Find the line containing "Lot Details: Satin" in the records below. Copy exactly that line and each one after it, ending at the line containing "Bu yıl kar yağışının", and nothing more.

[Start of Attachment]

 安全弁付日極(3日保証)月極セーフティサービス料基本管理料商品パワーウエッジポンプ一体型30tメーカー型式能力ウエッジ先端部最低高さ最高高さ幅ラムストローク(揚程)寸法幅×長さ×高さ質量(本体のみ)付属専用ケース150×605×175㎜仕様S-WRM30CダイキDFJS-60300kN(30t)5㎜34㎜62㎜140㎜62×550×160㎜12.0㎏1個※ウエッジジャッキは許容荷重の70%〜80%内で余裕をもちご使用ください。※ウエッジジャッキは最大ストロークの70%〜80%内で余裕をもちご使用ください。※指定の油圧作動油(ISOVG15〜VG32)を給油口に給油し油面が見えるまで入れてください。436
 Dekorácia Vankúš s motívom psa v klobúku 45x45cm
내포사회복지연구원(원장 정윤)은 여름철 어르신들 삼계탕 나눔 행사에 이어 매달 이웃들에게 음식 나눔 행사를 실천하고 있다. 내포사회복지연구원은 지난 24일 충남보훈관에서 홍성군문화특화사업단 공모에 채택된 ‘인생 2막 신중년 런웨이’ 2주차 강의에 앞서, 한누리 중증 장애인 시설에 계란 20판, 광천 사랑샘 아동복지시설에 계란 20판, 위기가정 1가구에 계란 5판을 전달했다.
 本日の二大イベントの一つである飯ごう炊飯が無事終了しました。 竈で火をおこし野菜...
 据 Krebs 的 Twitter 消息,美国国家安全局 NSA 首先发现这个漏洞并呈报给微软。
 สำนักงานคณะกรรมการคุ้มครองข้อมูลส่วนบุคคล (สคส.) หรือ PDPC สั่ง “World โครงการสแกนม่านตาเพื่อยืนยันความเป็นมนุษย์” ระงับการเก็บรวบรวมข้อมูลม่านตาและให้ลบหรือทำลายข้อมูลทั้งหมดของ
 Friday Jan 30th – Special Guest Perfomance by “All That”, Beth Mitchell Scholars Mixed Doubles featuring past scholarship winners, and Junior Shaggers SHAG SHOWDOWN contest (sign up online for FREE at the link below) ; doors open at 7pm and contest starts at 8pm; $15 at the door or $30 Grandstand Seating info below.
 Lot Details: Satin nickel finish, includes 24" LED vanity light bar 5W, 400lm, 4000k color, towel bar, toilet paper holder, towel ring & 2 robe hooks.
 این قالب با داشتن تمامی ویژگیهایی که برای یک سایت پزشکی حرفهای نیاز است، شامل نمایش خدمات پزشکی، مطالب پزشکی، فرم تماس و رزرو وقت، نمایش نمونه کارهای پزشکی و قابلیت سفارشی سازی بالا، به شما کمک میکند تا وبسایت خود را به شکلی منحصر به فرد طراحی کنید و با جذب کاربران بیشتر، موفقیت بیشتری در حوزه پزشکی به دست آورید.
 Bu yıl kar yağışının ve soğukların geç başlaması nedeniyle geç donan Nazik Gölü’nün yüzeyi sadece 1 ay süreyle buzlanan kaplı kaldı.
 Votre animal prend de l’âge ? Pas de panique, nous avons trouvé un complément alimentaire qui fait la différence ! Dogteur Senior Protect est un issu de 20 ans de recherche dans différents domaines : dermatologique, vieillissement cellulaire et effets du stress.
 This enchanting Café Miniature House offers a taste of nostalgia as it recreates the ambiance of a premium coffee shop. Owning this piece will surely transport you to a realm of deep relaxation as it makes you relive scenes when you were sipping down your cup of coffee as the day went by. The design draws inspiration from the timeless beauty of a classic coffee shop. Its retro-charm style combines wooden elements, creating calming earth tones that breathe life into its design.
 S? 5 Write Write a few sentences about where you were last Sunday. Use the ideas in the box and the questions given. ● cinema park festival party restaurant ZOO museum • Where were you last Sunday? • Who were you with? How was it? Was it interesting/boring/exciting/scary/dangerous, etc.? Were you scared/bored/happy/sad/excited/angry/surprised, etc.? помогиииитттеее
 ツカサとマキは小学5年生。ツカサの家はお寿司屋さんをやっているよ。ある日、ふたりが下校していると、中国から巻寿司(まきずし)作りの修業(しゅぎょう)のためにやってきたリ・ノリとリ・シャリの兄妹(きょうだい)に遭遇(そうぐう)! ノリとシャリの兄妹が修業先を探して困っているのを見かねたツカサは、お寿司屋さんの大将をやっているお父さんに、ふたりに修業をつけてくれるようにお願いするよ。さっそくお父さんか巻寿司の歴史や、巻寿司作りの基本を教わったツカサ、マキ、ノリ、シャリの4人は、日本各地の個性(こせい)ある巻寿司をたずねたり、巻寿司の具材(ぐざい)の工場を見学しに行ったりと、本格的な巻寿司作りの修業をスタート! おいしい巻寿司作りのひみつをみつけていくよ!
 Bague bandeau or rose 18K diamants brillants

[End of Attachment]

** Answer area **
 Lot Details: Satin nickel finish, includes 24" LED vanity light bar 5W, 400lm, 4000k color, towel bar, toilet paper holder, towel ring & 2 robe hooks.
 این قالب با داشتن تمامی ویژگیهایی که برای یک سایت پزشکی حرفهای نیاز است، شامل نمایش خدمات پزشکی، مطالب پزشکی، فرم تماس و رزرو وقت، نمایش نمونه کارهای پزشکی و قابلیت سفارشی سازی بالا، به شما کمک میکند تا وبسایت خود را به شکلی منحصر به فرد طراحی کنید و با جذب کاربران بیشتر، موفقیت بیشتری در حوزه پزشکی به دست آورید.
 Bu yıl kar yağışının ve soğukların geç başlaması nedeniyle geç donan Nazik Gölü’nün yüzeyi sadece 1 ay süreyle buzlanan kaplı kaldı.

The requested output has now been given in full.